━━━ COLLECTED MATERIAL
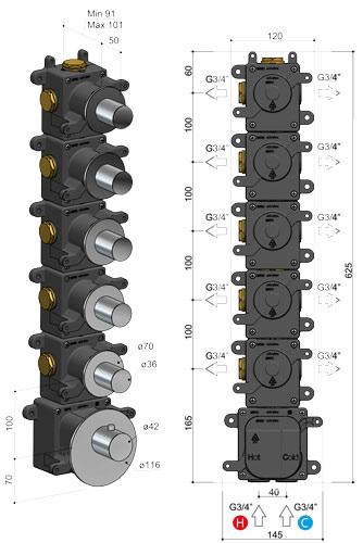 High Flow concealed thermostatic mixer, with 5 stop valves
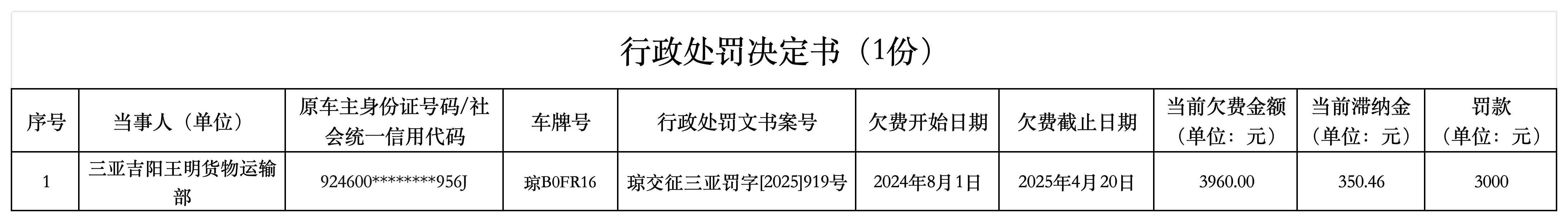 限你(单位)在本公告送达之日起15个工作日内到海南省三亚市吉阳区凤凰路123号(海南省交通规费征稽局三亚分局)处开具《海南省非税收入一般缴款书》,并按《海南省非税收入一般缴款书》要求进行缴款。
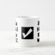 Le thème de la Mug à café Juste un humain pas un robot Typographie noir et blanc est la technologie et la sécurité sur Internet. Le design comporte une police audacieuse, moderne et graphique, à gauche et à l'avant, ainsi qu'une case et une coche au centre.
━━━━━━
The entire listing above is to be copied exactly, with all pictures omitted.

## RESULT:
 High Flow concealed thermostatic mixer, with 5 stop valves
 限你(单位)在本公告送达之日起15个工作日内到海南省三亚市吉阳区凤凰路123号(海南省交通规费征稽局三亚分局)处开具《海南省非税收入一般缴款书》,并按《海南省非税收入一般缴款书》要求进行缴款。
 Le thème de la Mug à café Juste un humain pas un robot Typographie noir et blanc est la technologie et la sécurité sur Internet. Le design comporte une police audacieuse, moderne et graphique, à gauche et à l'avant, ainsi qu'une case et une coche au centre.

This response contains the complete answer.